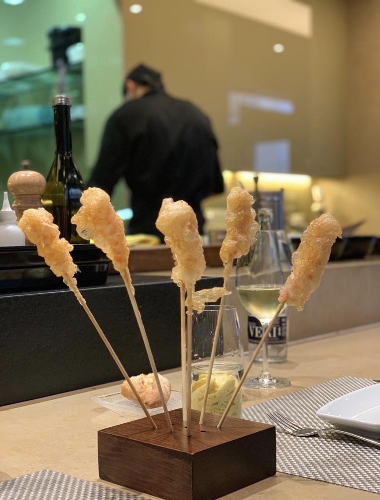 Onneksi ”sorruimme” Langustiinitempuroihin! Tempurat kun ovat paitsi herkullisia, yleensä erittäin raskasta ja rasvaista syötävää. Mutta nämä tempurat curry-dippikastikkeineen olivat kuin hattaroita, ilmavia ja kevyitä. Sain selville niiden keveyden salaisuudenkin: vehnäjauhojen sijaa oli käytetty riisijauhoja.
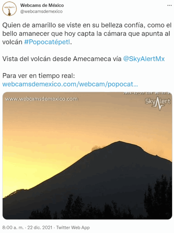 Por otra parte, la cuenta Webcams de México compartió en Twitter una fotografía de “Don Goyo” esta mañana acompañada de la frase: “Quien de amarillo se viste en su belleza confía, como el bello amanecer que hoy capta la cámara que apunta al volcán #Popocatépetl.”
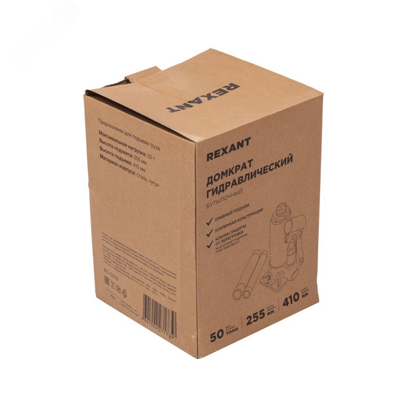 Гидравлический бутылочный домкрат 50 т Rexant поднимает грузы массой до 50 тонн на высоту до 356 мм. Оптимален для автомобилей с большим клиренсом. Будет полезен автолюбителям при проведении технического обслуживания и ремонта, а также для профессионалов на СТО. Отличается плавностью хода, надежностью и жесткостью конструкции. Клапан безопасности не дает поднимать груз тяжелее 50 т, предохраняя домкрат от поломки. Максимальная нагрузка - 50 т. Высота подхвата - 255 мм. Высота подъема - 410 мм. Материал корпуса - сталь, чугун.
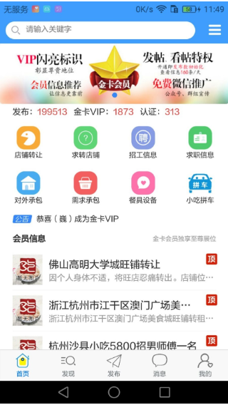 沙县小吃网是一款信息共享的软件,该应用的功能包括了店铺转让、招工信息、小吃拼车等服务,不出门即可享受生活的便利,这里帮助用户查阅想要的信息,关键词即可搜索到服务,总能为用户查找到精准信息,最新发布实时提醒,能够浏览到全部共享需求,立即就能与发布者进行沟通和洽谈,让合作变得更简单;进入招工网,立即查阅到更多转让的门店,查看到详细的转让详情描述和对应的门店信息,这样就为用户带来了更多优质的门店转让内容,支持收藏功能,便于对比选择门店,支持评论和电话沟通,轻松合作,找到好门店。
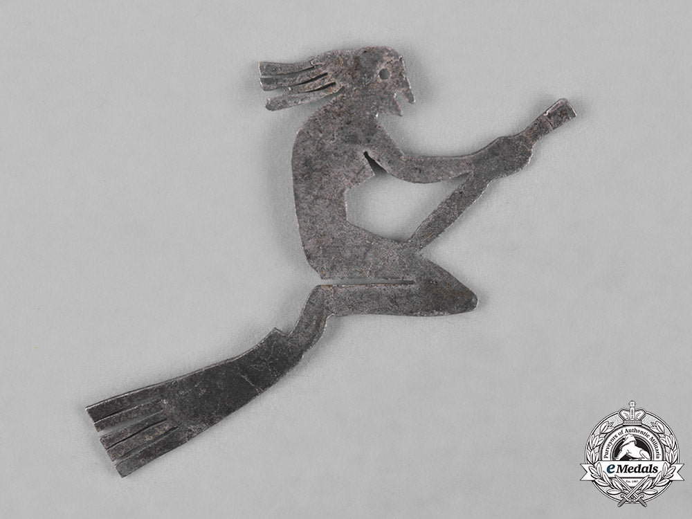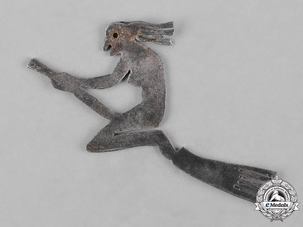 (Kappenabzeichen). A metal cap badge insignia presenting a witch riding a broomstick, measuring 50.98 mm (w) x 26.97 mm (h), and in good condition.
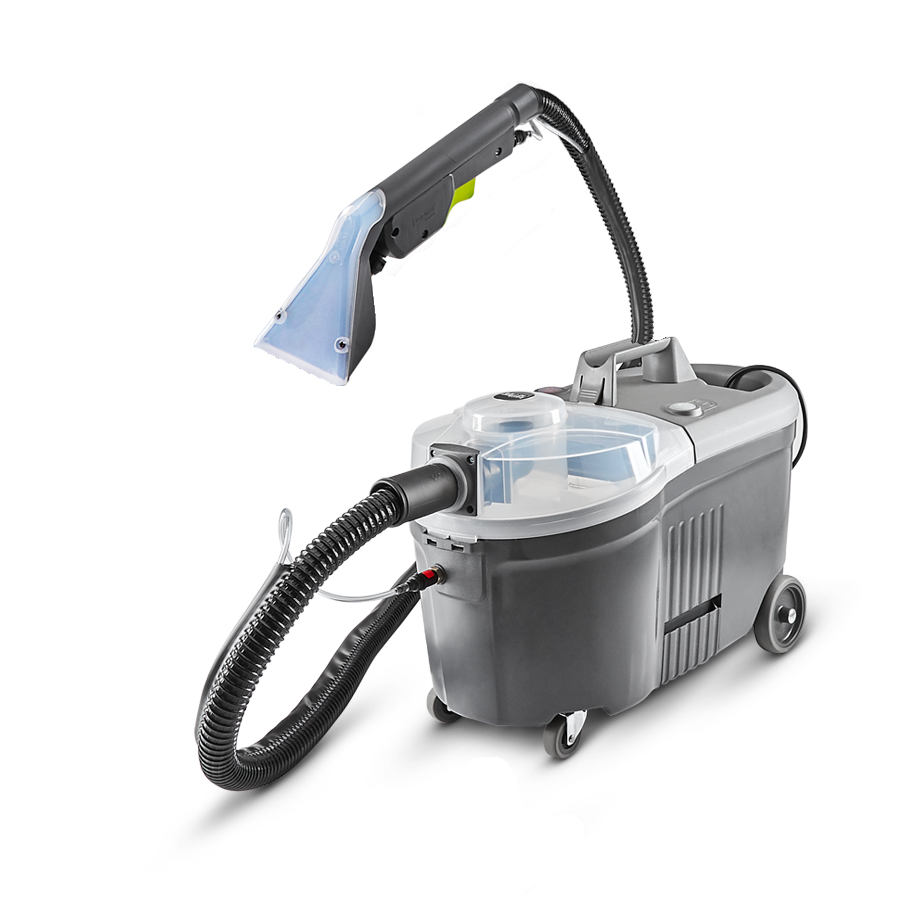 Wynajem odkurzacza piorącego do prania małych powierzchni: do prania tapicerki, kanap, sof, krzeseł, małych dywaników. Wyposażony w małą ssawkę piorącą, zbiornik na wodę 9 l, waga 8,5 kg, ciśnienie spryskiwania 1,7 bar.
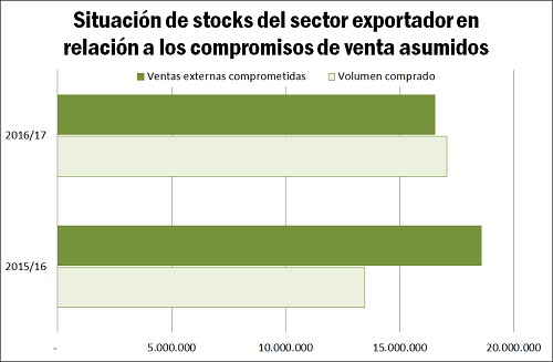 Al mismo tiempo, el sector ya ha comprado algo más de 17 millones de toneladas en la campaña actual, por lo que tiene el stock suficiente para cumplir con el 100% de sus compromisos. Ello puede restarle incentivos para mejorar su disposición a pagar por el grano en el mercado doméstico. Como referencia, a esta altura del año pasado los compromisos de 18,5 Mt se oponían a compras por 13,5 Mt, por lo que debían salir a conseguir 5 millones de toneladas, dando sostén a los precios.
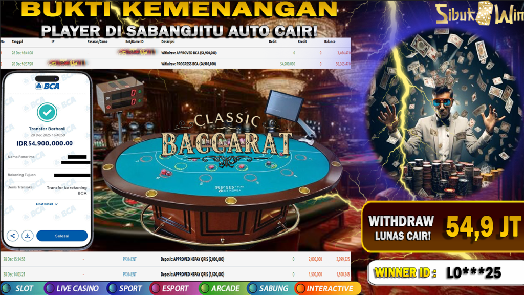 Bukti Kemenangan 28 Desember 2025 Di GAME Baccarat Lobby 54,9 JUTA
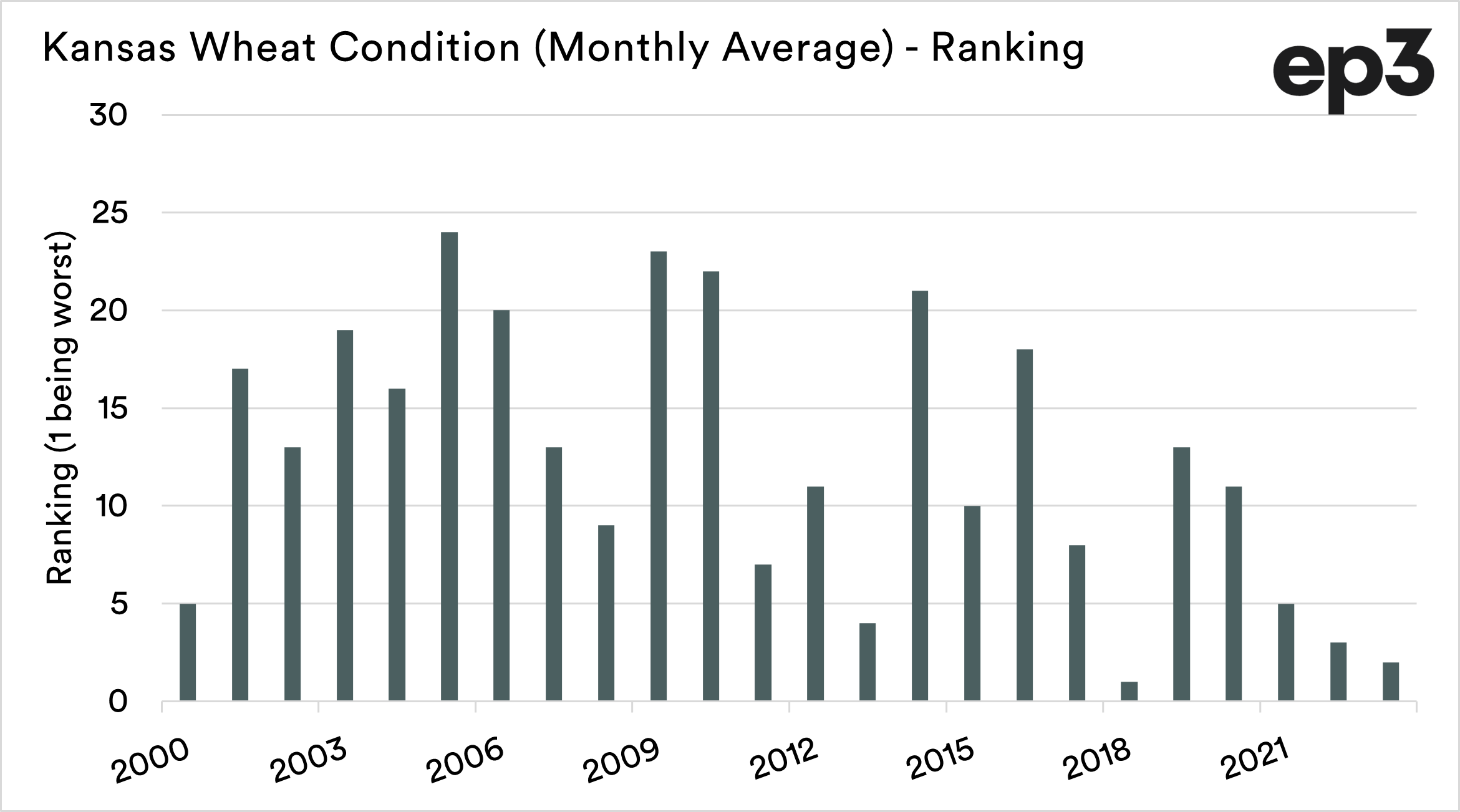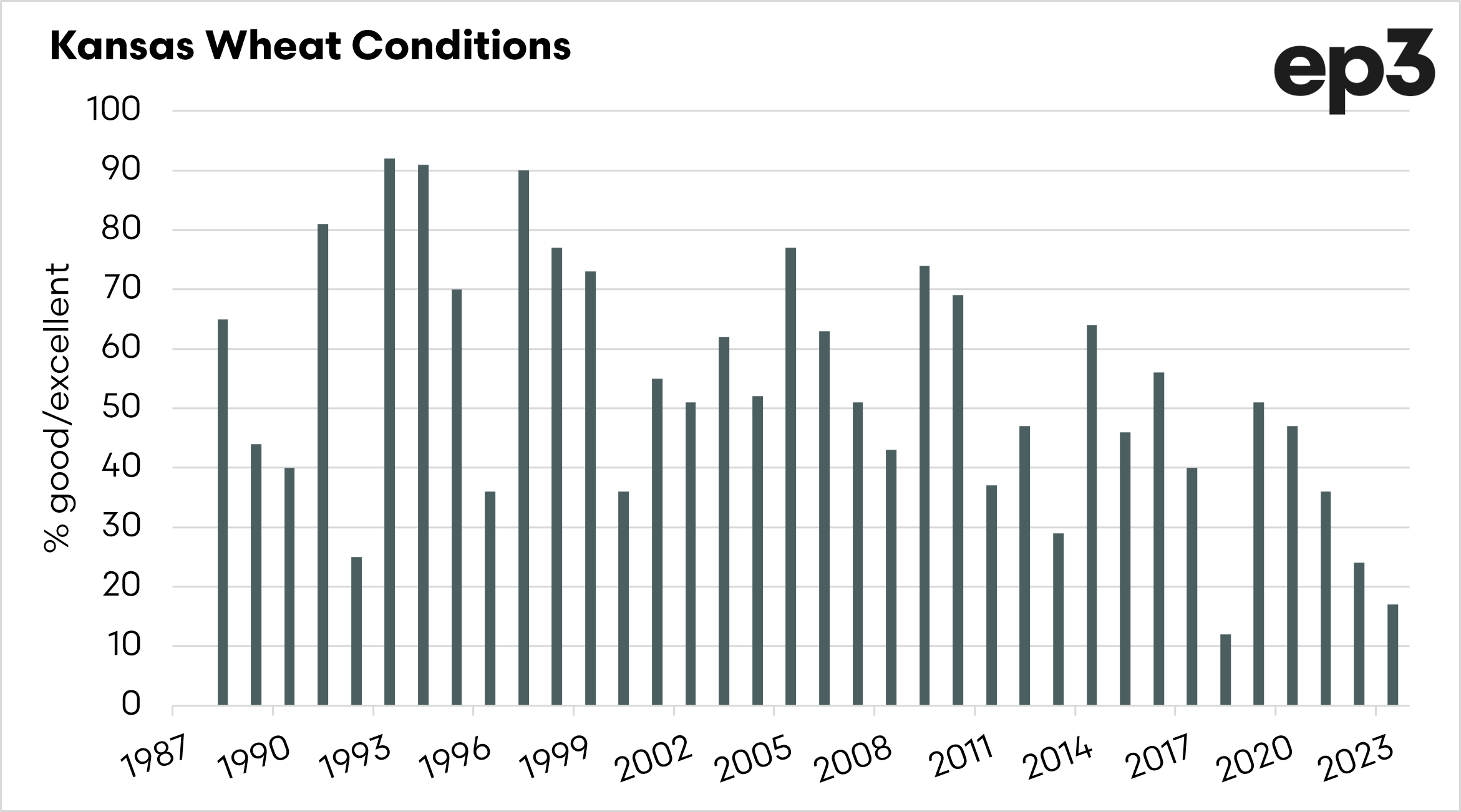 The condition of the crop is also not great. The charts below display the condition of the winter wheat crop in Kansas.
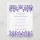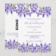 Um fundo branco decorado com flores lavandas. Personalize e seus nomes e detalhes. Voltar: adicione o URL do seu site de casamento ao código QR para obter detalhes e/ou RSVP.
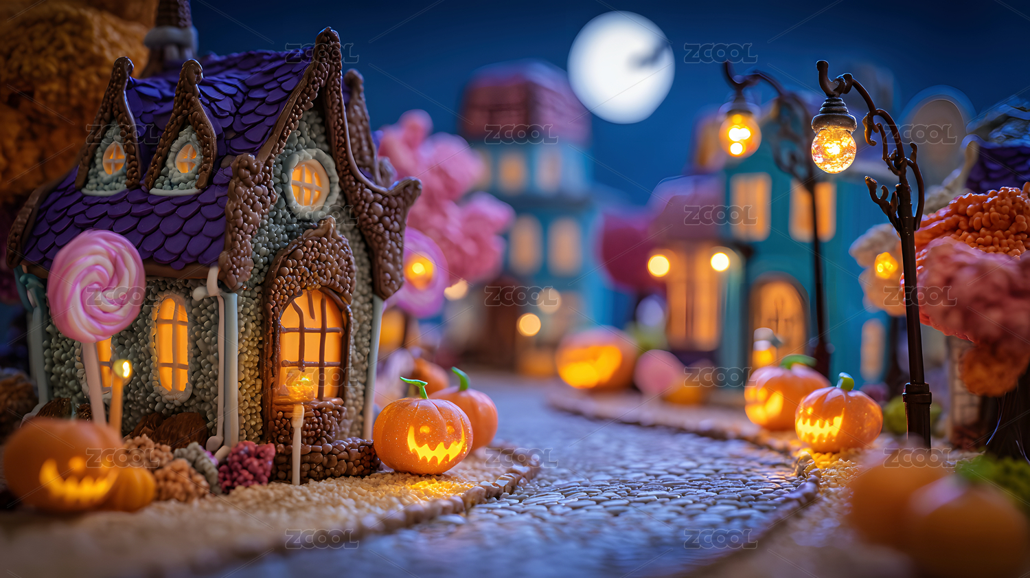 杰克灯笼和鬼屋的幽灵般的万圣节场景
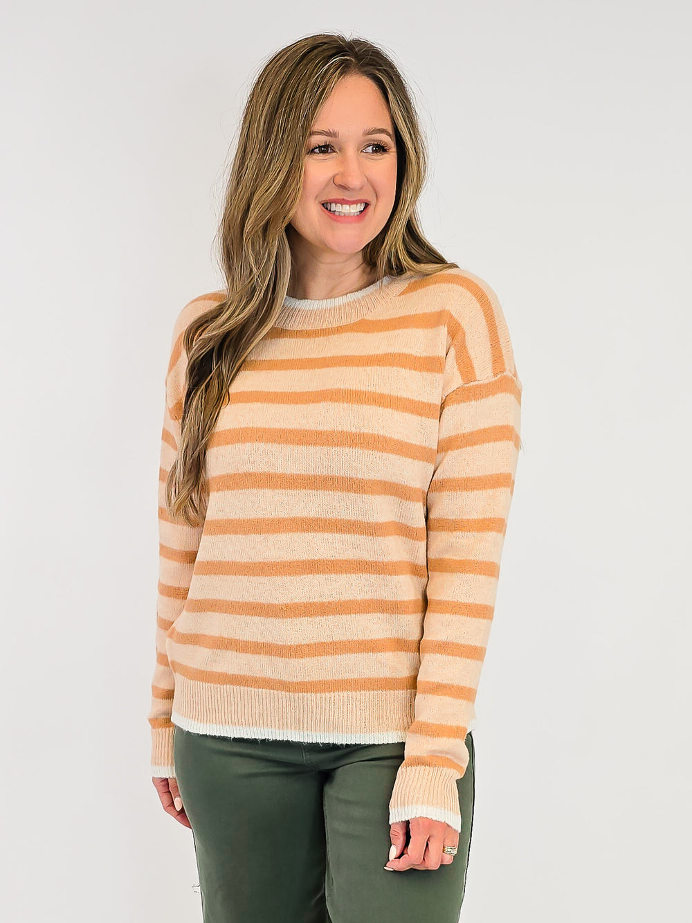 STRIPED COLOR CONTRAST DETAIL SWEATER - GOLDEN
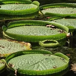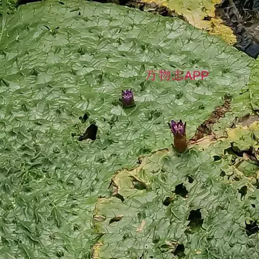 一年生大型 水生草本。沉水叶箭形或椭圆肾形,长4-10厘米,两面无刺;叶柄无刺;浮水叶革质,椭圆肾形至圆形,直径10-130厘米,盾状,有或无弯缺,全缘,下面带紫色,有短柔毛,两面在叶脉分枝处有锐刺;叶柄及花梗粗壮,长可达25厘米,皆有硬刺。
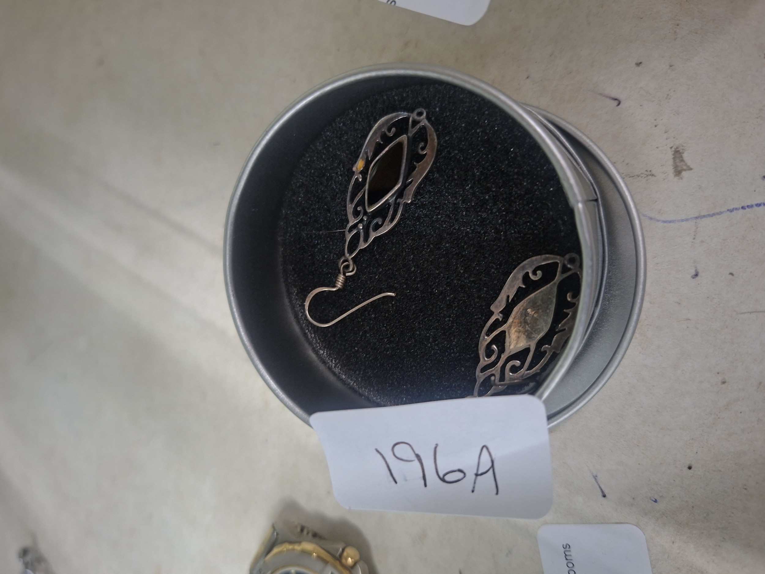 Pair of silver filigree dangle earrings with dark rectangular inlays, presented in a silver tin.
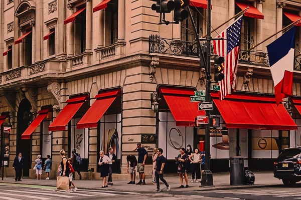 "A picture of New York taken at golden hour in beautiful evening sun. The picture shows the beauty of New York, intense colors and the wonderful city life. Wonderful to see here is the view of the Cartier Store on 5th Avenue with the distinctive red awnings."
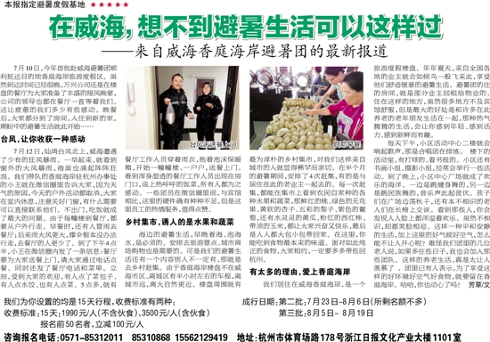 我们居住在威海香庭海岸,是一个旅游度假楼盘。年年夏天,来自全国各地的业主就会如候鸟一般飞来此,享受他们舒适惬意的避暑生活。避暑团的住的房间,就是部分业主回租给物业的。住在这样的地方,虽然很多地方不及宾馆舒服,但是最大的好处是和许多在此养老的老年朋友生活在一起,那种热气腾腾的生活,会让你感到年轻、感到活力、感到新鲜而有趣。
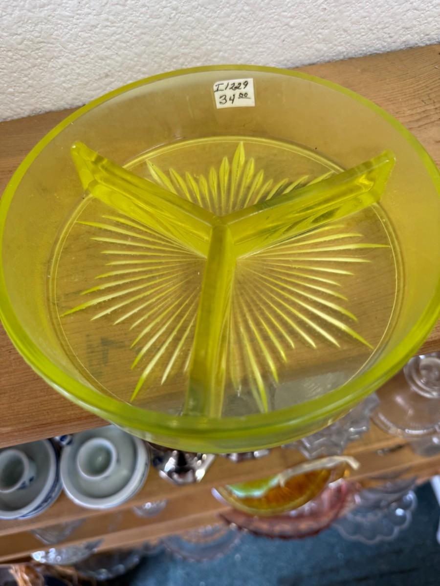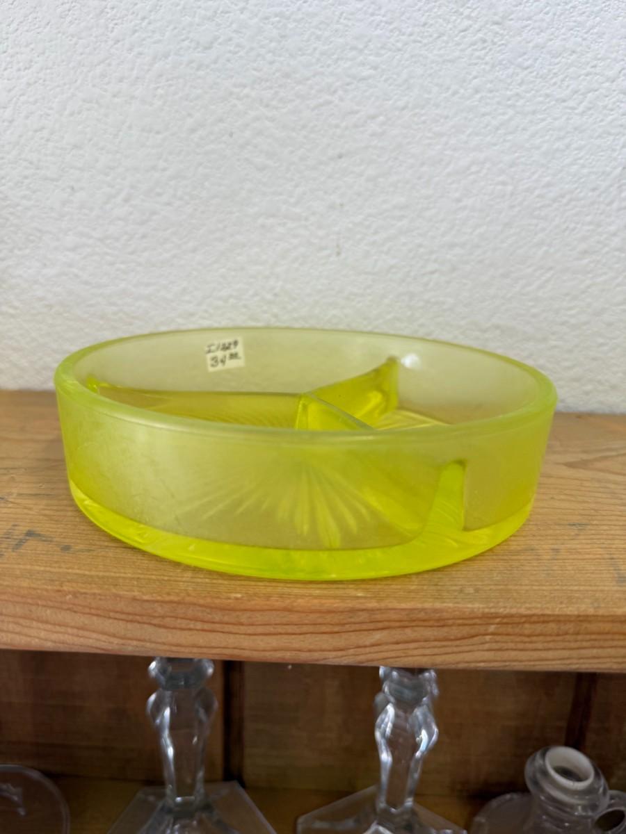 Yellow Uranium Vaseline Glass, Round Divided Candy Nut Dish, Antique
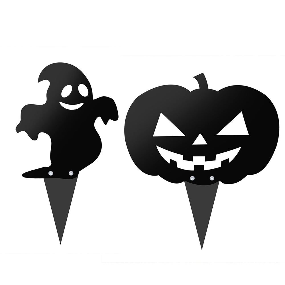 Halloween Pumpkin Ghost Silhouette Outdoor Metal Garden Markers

--------------------------------

▸ REQUIRED WORK
Print every line above once more, exactly. Omit the pictures.

▸ COMPLETED TASK
 Onneksi ”sorruimme” Langustiinitempuroihin! Tempurat kun ovat paitsi herkullisia, yleensä erittäin raskasta ja rasvaista syötävää. Mutta nämä tempurat curry-dippikastikkeineen olivat kuin hattaroita, ilmavia ja kevyitä. Sain selville niiden keveyden salaisuudenkin: vehnäjauhojen sijaa oli käytetty riisijauhoja.
 Por otra parte, la cuenta Webcams de México compartió en Twitter una fotografía de “Don Goyo” esta mañana acompañada de la frase: “Quien de amarillo se viste en su belleza confía, como el bello amanecer que hoy capta la cámara que apunta al volcán #Popocatépetl.”
 Гидравлический бутылочный домкрат 50 т Rexant поднимает грузы массой до 50 тонн на высоту до 356 мм. Оптимален для автомобилей с большим клиренсом. Будет полезен автолюбителям при проведении технического обслуживания и ремонта, а также для профессионалов на СТО. Отличается плавностью хода, надежностью и жесткостью конструкции. Клапан безопасности не дает поднимать груз тяжелее 50 т, предохраняя домкрат от поломки. Максимальная нагрузка - 50 т. Высота подхвата - 255 мм. Высота подъема - 410 мм. Материал корпуса - сталь, чугун.
 沙县小吃网是一款信息共享的软件,该应用的功能包括了店铺转让、招工信息、小吃拼车等服务,不出门即可享受生活的便利,这里帮助用户查阅想要的信息,关键词即可搜索到服务,总能为用户查找到精准信息,最新发布实时提醒,能够浏览到全部共享需求,立即就能与发布者进行沟通和洽谈,让合作变得更简单;进入招工网,立即查阅到更多转让的门店,查看到详细的转让详情描述和对应的门店信息,这样就为用户带来了更多优质的门店转让内容,支持收藏功能,便于对比选择门店,支持评论和电话沟通,轻松合作,找到好门店。
 (Kappenabzeichen). A metal cap badge insignia presenting a witch riding a broomstick, measuring 50.98 mm (w) x 26.97 mm (h), and in good condition.
 Wynajem odkurzacza piorącego do prania małych powierzchni: do prania tapicerki, kanap, sof, krzeseł, małych dywaników. Wyposażony w małą ssawkę piorącą, zbiornik na wodę 9 l, waga 8,5 kg, ciśnienie spryskiwania 1,7 bar.
 Al mismo tiempo, el sector ya ha comprado algo más de 17 millones de toneladas en la campaña actual, por lo que tiene el stock suficiente para cumplir con el 100% de sus compromisos. Ello puede restarle incentivos para mejorar su disposición a pagar por el grano en el mercado doméstico. Como referencia, a esta altura del año pasado los compromisos de 18,5 Mt se oponían a compras por 13,5 Mt, por lo que debían salir a conseguir 5 millones de toneladas, dando sostén a los precios.
 Bukti Kemenangan 28 Desember 2025 Di GAME Baccarat Lobby 54,9 JUTA
 The condition of the crop is also not great. The charts below display the condition of the winter wheat crop in Kansas.
 Um fundo branco decorado com flores lavandas. Personalize e seus nomes e detalhes. Voltar: adicione o URL do seu site de casamento ao código QR para obter detalhes e/ou RSVP.
 杰克灯笼和鬼屋的幽灵般的万圣节场景
 STRIPED COLOR CONTRAST DETAIL SWEATER - GOLDEN
 一年生大型 水生草本。沉水叶箭形或椭圆肾形,长4-10厘米,两面无刺;叶柄无刺;浮水叶革质,椭圆肾形至圆形,直径10-130厘米,盾状,有或无弯缺,全缘,下面带紫色,有短柔毛,两面在叶脉分枝处有锐刺;叶柄及花梗粗壮,长可达25厘米,皆有硬刺。
 Pair of silver filigree dangle earrings with dark rectangular inlays, presented in a silver tin.
 "A picture of New York taken at golden hour in beautiful evening sun. The picture shows the beauty of New York, intense colors and the wonderful city life. Wonderful to see here is the view of the Cartier Store on 5th Avenue with the distinctive red awnings."
 我们居住在威海香庭海岸,是一个旅游度假楼盘。年年夏天,来自全国各地的业主就会如候鸟一般飞来此,享受他们舒适惬意的避暑生活。避暑团的住的房间,就是部分业主回租给物业的。住在这样的地方,虽然很多地方不及宾馆舒服,但是最大的好处是和许多在此养老的老年朋友生活在一起,那种热气腾腾的生活,会让你感到年轻、感到活力、感到新鲜而有趣。
 Yellow Uranium Vaseline Glass, Round Divided Candy Nut Dish, Antique
 Halloween Pumpkin Ghost Silhouette Outdoor Metal Garden Markers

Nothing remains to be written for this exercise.